Fundamentos históricos das técnicas de dominação da raça


«Num passado não muito longínquo, a raça era, senão a mãe da lei, pelo menos a língua franca da guerra social. Ela era a unidade de medida da indiferença e da inimizade, o critério determinante da luta pela vida, o princípio de eliminação, de segregação ou de purificação da sociedade. A “modernidade” é, na realidade, outro nome para o projeto de expansão sem limites que se desenvolve a partir dos últimos anos do século XVIII. (…) No século XIX triunfa o imperialismo. Nesta época, graças ao desenvolvimento da técnica, às conquitas militares, ao comércio e à propagação da fé cristã, a Europa exerce sobre os outros povos pelo mundo fora uma autoridade totalmente despótica – uma espécie de poder que apenas se exerce para lá das suas fronteiras e sobre pessoas com as quais se julga nada haver em comum.

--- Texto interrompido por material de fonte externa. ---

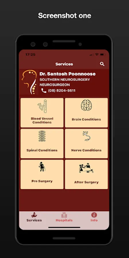 Neurosurgery SP is a mobile application for patients who are scheduled to undergo neurosurgical procedures and for patient’s family members. It is designed to inform, in brief about the various standard neurosurgical procedures, including the risks associated with these procedures. The app also includes simple diagrams that describe the steps involved in some of these procedures.
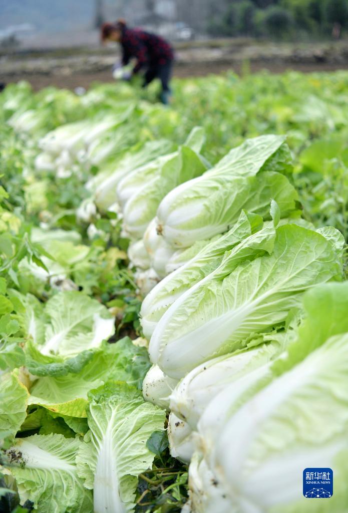 12月7日,湖北省宣恩縣曉關(guān)侗族鄉張官村蔬菜專(zhuān)業(yè)合作社社員在搶收大白菜。
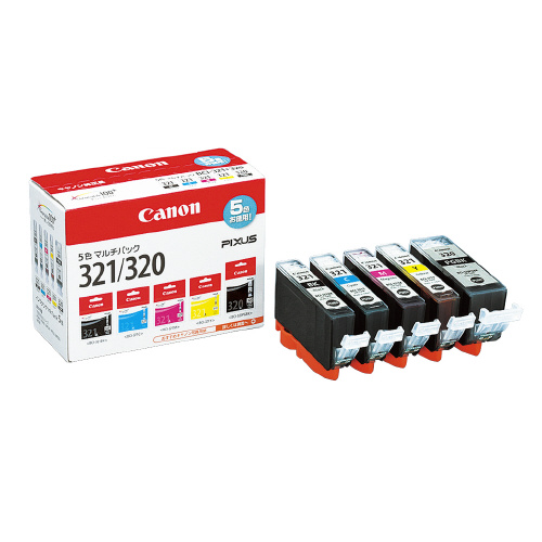 ●ブラック(品番:BCI-320PGBK)・ブラック(品番:BCI-321BK)・シアン(品番:BCI-321C)・マゼンタ(品番:BCI-321M)・イエロー(品番:BCI-321Y)の5色パック
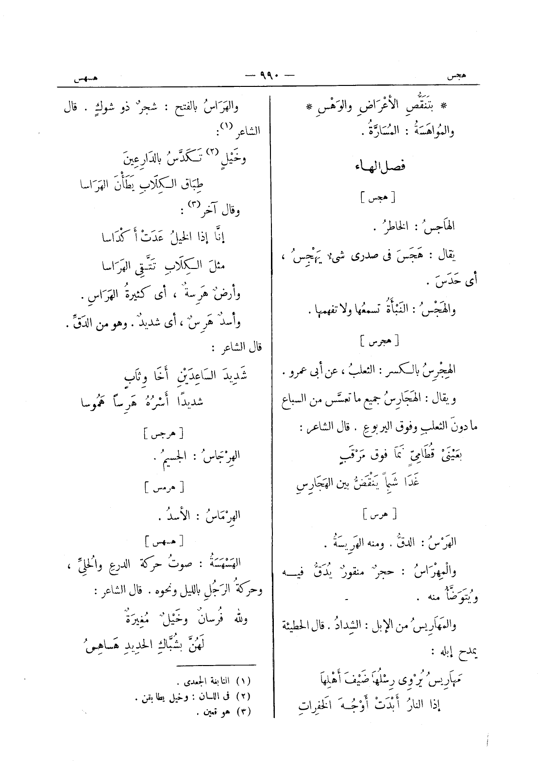والهَراسُ بالفتح: شجرٌ ذو شوكٍ. قال الشاعر (¬1) : وخيل (¬2) تكدس بالدارعين * طباق الكلاب يطأن الهراسا * وقال آخر (¬3) : إنا إذا الخيل عدت أكداسا * مثل الكلاب تتقى الهراسا * وأرض هَرسَةٌ، أي كثيرةُ الهَراسِ. وأسدٌ هَرِسٌ، أي شديدٌ. وهو من الدَقِّ. قال الشاعر: شديدَ الساعدَيْنِ أخا وِثابٍ * شديداً أسرُهُ هرسا هموسا
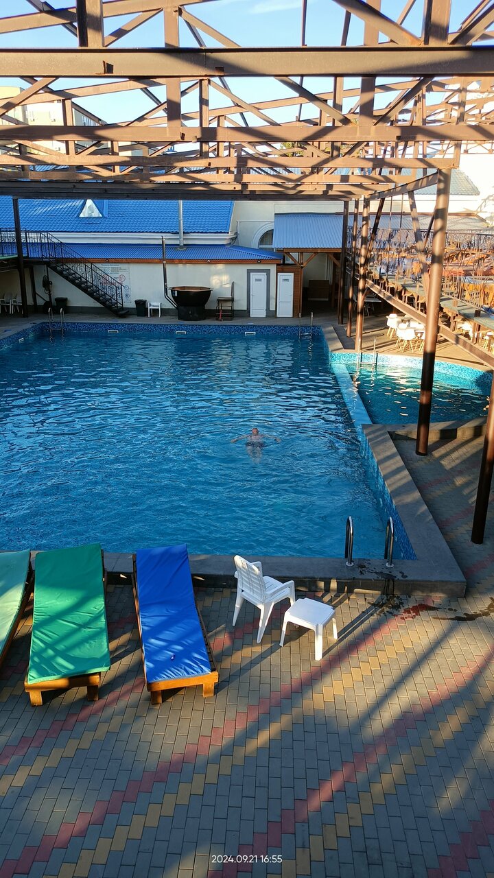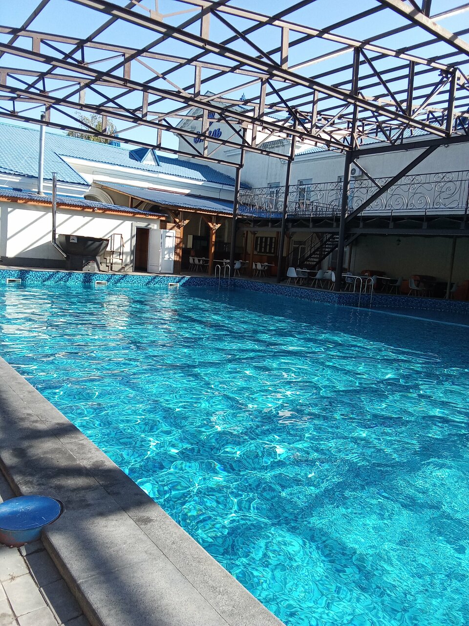 Бассейн да…это конечно фишка этого места,но когда я в нём плавал к нему с улицы совершенно спокойно подходили собаки…. номер,лично у меня был ну уставший совсем.В номерах пахнет канализацией,ну честно говоря там и на улице в радиусе километра ей сильно пахнет,такое ощущение что рядом какие то очистные сооружения. В целом остановится на ночь как я вполне можно,но надо как-то привести его в порядок.завтраки не плохо,только вот в наше время растворимый кофе….делайте зерновой хотя бы за деньги
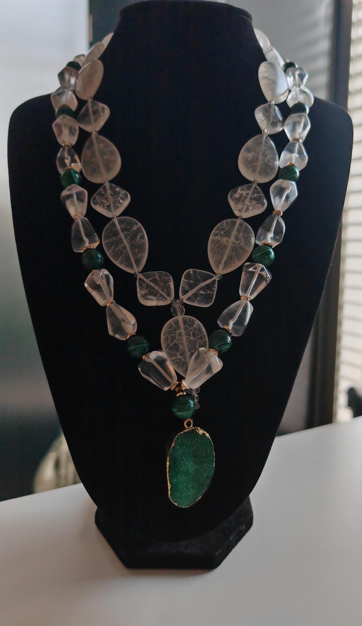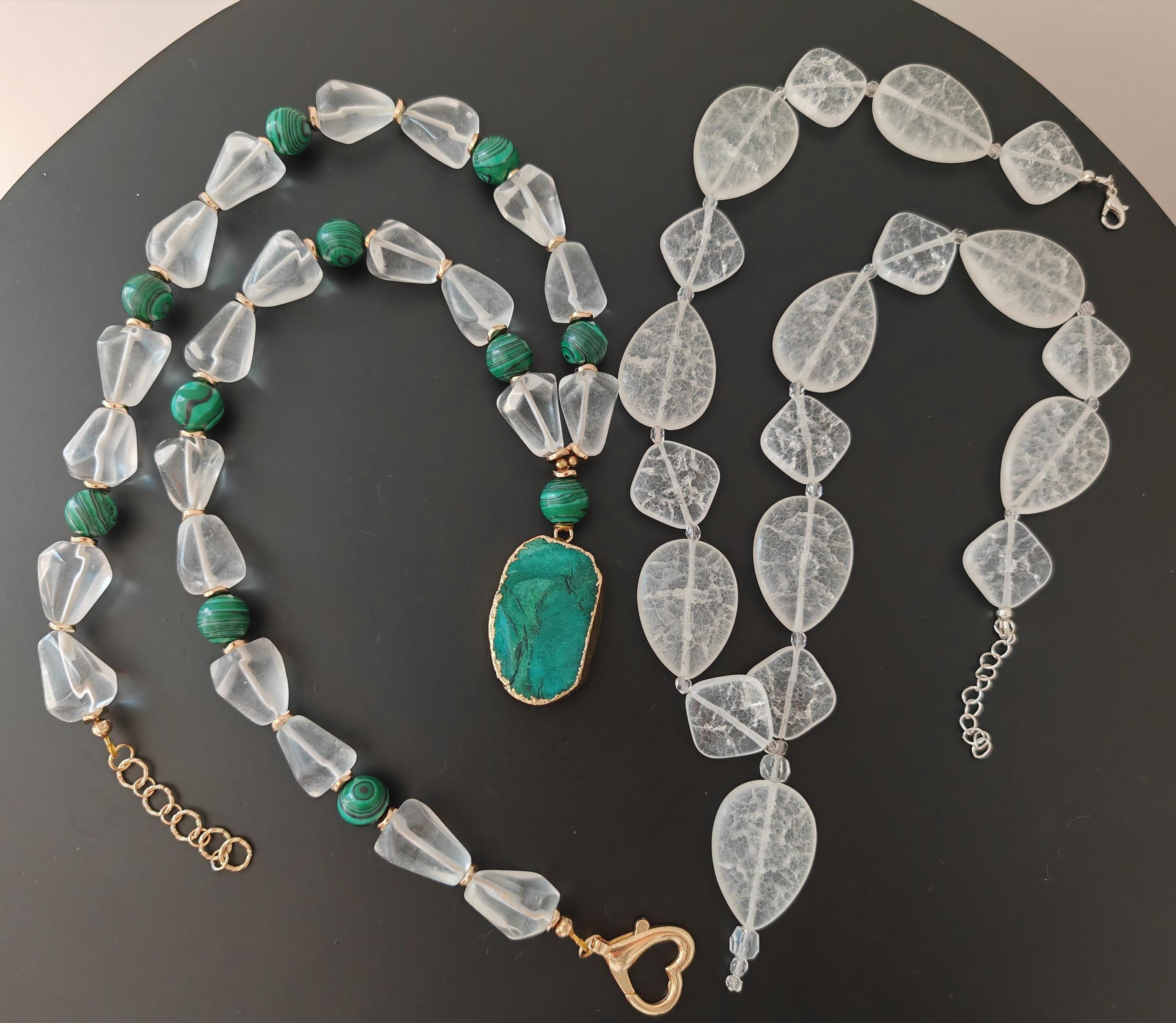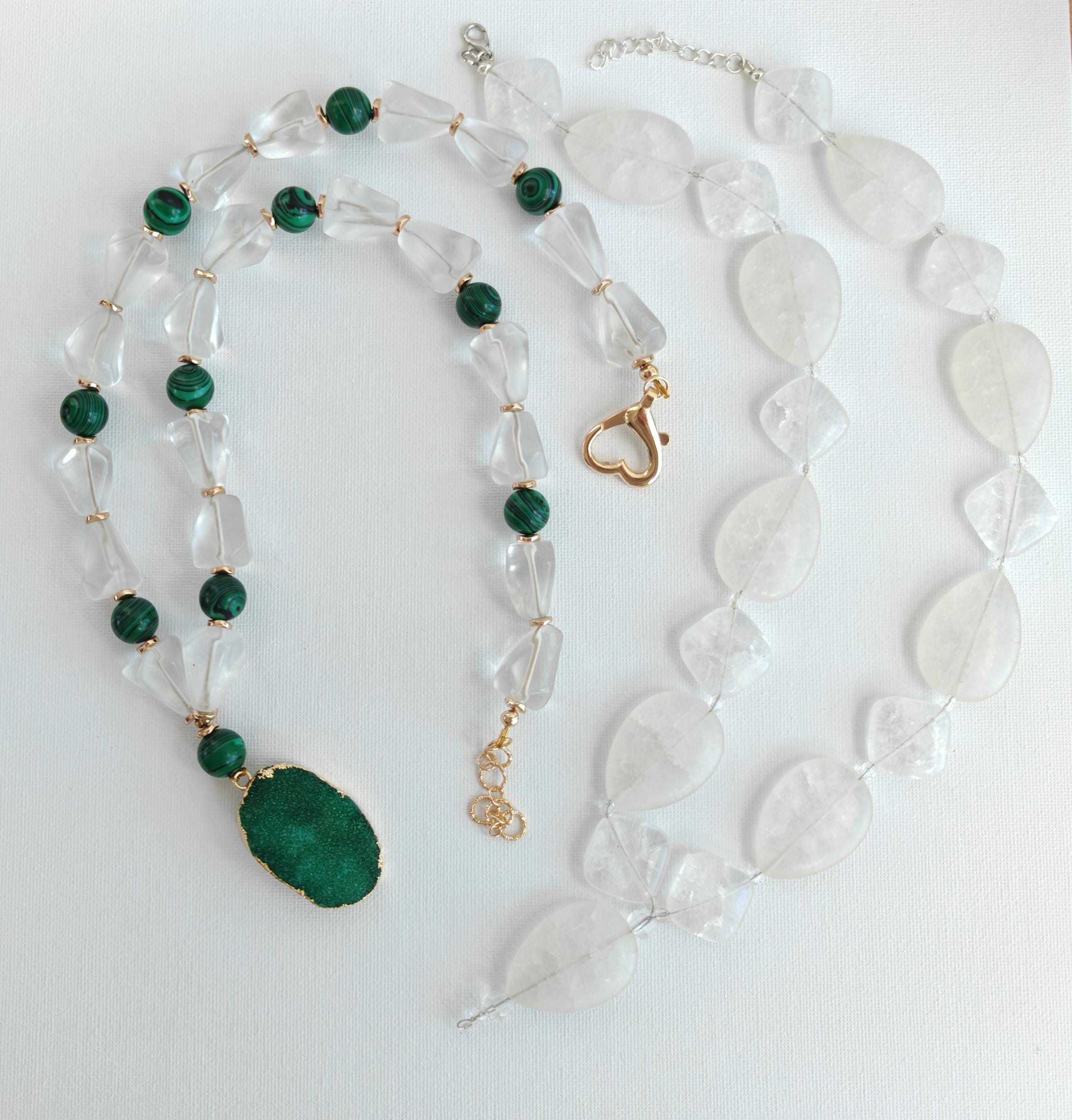 Handmade elegant statement necklaces with rock crystal pendants. Two necklaces are available.

(…) O nosso mundo continua a ser, mesmo que ele não queira admiti-lo, em vários aspetos, um “mundo de raças”. O significante racial é ainda, em larga medida, a linguagem incontornável, mesmo que por vezes negada, da narrativa de si e do mundo, da relação com o Outro, com a memória e o poder. Permanecerá inacabada a crítica da modernidade, enquanto não compreendermos que o seu advento coincide com o surgimento do princípio de raça e com a lenta transformação deste princípio em paradigma principal, ontem como hoje, para as técnicas de dominação. Para se reproduzir, o princípio de raça dependerá de um conjunto de práticas cujo alvo imediato, direto, é o corpo do outro, assim como o campo de aplicação é a vida na sua generalidade.»
Mbembe, A. (2017). Crítica da Razão Negra (pp. 101-2). 2ª ed. Lisboa: Antígona.